Start of Data provided

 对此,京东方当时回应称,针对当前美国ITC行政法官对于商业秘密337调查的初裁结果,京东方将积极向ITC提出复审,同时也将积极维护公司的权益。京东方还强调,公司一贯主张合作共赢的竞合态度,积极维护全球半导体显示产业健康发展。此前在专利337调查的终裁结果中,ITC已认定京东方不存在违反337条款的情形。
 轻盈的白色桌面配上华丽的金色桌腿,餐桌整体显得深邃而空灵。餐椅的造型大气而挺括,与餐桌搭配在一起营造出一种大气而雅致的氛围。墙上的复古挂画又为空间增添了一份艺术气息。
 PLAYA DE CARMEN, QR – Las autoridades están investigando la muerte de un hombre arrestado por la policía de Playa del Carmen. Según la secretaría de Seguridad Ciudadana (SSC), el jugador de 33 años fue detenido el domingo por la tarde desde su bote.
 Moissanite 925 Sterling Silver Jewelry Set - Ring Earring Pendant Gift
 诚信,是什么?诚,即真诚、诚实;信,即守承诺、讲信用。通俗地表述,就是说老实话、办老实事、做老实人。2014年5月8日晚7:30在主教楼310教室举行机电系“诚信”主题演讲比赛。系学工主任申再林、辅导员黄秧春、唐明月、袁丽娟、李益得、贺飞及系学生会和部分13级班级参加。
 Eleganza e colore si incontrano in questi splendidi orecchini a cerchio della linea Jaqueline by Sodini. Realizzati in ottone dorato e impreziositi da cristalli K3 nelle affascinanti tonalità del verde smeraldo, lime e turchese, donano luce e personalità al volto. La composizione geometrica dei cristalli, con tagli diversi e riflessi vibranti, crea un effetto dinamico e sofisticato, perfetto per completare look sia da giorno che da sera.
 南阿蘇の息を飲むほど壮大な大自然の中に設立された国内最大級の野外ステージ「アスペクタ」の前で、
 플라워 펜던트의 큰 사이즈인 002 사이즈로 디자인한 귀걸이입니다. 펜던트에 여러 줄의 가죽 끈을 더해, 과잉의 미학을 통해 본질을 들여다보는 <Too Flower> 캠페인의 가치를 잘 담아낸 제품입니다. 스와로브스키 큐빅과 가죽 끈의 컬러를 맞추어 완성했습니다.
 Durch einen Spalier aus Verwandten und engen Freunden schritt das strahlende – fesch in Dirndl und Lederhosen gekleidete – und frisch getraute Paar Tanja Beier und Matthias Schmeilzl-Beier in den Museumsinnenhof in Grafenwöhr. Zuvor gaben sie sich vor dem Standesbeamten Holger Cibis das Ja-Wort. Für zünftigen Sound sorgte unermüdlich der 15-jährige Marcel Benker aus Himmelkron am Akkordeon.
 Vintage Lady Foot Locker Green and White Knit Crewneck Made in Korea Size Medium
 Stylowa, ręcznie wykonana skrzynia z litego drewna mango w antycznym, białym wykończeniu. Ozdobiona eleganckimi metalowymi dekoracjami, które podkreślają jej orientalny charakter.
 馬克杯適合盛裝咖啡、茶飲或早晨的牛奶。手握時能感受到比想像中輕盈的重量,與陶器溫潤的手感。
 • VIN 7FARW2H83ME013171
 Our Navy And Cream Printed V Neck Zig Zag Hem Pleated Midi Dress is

End of Data provided

What this task involves: The complete listing must be printed again exactly as given.

Output of the exercise:
 对此,京东方当时回应称,针对当前美国ITC行政法官对于商业秘密337调查的初裁结果,京东方将积极向ITC提出复审,同时也将积极维护公司的权益。京东方还强调,公司一贯主张合作共赢的竞合态度,积极维护全球半导体显示产业健康发展。此前在专利337调查的终裁结果中,ITC已认定京东方不存在违反337条款的情形。
 轻盈的白色桌面配上华丽的金色桌腿,餐桌整体显得深邃而空灵。餐椅的造型大气而挺括,与餐桌搭配在一起营造出一种大气而雅致的氛围。墙上的复古挂画又为空间增添了一份艺术气息。
 PLAYA DE CARMEN, QR – Las autoridades están investigando la muerte de un hombre arrestado por la policía de Playa del Carmen. Según la secretaría de Seguridad Ciudadana (SSC), el jugador de 33 años fue detenido el domingo por la tarde desde su bote.
 Moissanite 925 Sterling Silver Jewelry Set - Ring Earring Pendant Gift
 诚信,是什么?诚,即真诚、诚实;信,即守承诺、讲信用。通俗地表述,就是说老实话、办老实事、做老实人。2014年5月8日晚7:30在主教楼310教室举行机电系“诚信”主题演讲比赛。系学工主任申再林、辅导员黄秧春、唐明月、袁丽娟、李益得、贺飞及系学生会和部分13级班级参加。
 Eleganza e colore si incontrano in questi splendidi orecchini a cerchio della linea Jaqueline by Sodini. Realizzati in ottone dorato e impreziositi da cristalli K3 nelle affascinanti tonalità del verde smeraldo, lime e turchese, donano luce e personalità al volto. La composizione geometrica dei cristalli, con tagli diversi e riflessi vibranti, crea un effetto dinamico e sofisticato, perfetto per completare look sia da giorno che da sera.
 南阿蘇の息を飲むほど壮大な大自然の中に設立された国内最大級の野外ステージ「アスペクタ」の前で、
 플라워 펜던트의 큰 사이즈인 002 사이즈로 디자인한 귀걸이입니다. 펜던트에 여러 줄의 가죽 끈을 더해, 과잉의 미학을 통해 본질을 들여다보는 <Too Flower> 캠페인의 가치를 잘 담아낸 제품입니다. 스와로브스키 큐빅과 가죽 끈의 컬러를 맞추어 완성했습니다.
 Durch einen Spalier aus Verwandten und engen Freunden schritt das strahlende – fesch in Dirndl und Lederhosen gekleidete – und frisch getraute Paar Tanja Beier und Matthias Schmeilzl-Beier in den Museumsinnenhof in Grafenwöhr. Zuvor gaben sie sich vor dem Standesbeamten Holger Cibis das Ja-Wort. Für zünftigen Sound sorgte unermüdlich der 15-jährige Marcel Benker aus Himmelkron am Akkordeon.
 Vintage Lady Foot Locker Green and White Knit Crewneck Made in Korea Size Medium
 Stylowa, ręcznie wykonana skrzynia z litego drewna mango w antycznym, białym wykończeniu. Ozdobiona eleganckimi metalowymi dekoracjami, które podkreślają jej orientalny charakter.
 馬克杯適合盛裝咖啡、茶飲或早晨的牛奶。手握時能感受到比想像中輕盈的重量,與陶器溫潤的手感。
 • VIN 7FARW2H83ME013171
 Our Navy And Cream Printed V Neck Zig Zag Hem Pleated Midi Dress is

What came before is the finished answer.